Continuing his hectic schedule, on 28 February His Royal Highness visited the studios at NHK, the Japanese equivalent of the BBC, where he entered the set of a popular historical drama and was briefed about the system for emergency warnings of major natural disasters through national broadcasts. In the afternoon the Duke travelled to the Tohoku region, much of which had been devastated by the Great East Japan Earthquake and Tsunami in March 2011. His first destination was Fukushima. Together with Prime Minister Abe he spent some time at a playground specially set up for the affected children and mingled with them. He even showed off his ball-juggling skills! Staying overnight at a famous hotspring in Fukushima, the Duke attended a dinner featuring local delicacies, hosted by the Prime Minister. Mr Abe expressed his gratitude for His Royal Highness’s visit to the region, which clearly had a very positive impact in cheering up the victims as well as in reminding people of the region’s attractions as a tourist destination and in restoring the reputation of the local food products, which had been damaged by groundless fears of radioactivity.

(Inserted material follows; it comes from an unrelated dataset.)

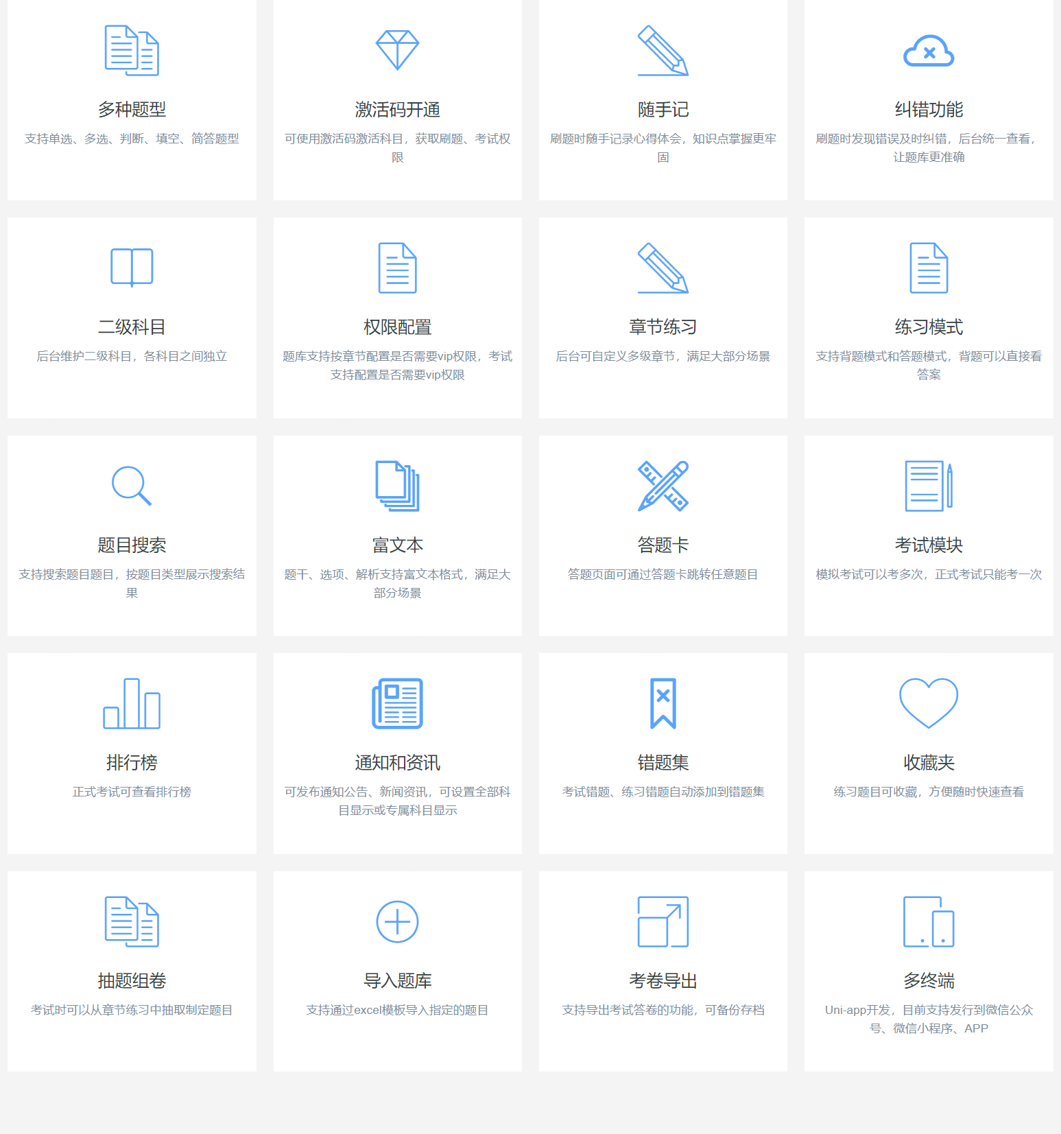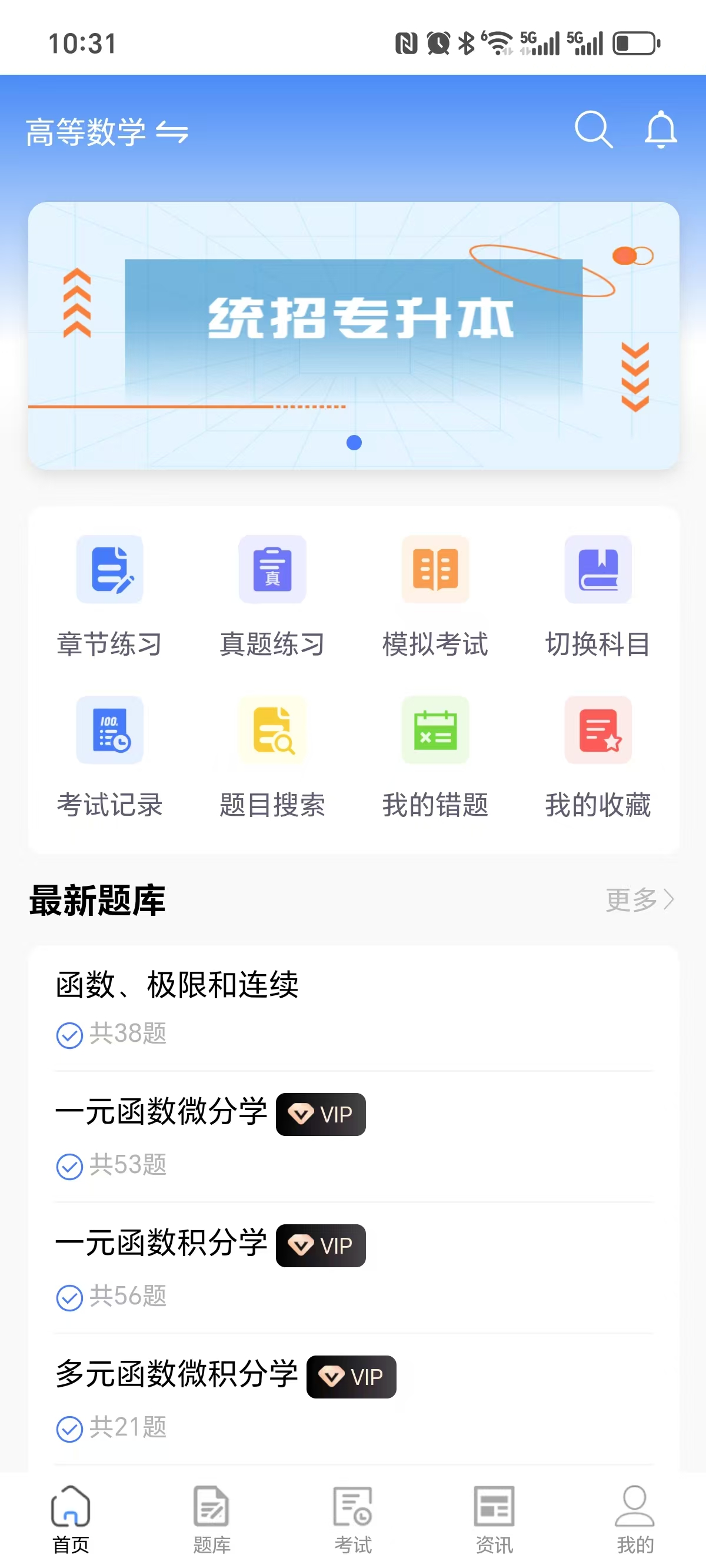 包含章节练习、历年真题、错题记录、模拟考试和正式考试等模块

On 1 March, the Duke travelled to Ishinomaki and Onagawa in Miyagi Prefecture, where he was greeted by local residents, including survivors of the disaster. His meetings with some of the survivors who had lost loved ones and endured considerable hardship in the aftermath of the disaster were quite emotional, his friendly and generous attitude was highly appreciated. The Duke’s visit to Japan was a great success, due in no small measure to the friendly and sincere way in which he interacted with the people he met. It powerfully manifested how positive messages a Royal visit could create and send out. At the end of the tour he asked me to convey how much he appreciated the warm welcome he had received from the people of Japan. It was actually me and the people of Japan who are grateful to him for visiting and cheering Japan, which will certainly helping ensure that Japan-UK ties continue to flourish in the years ahead.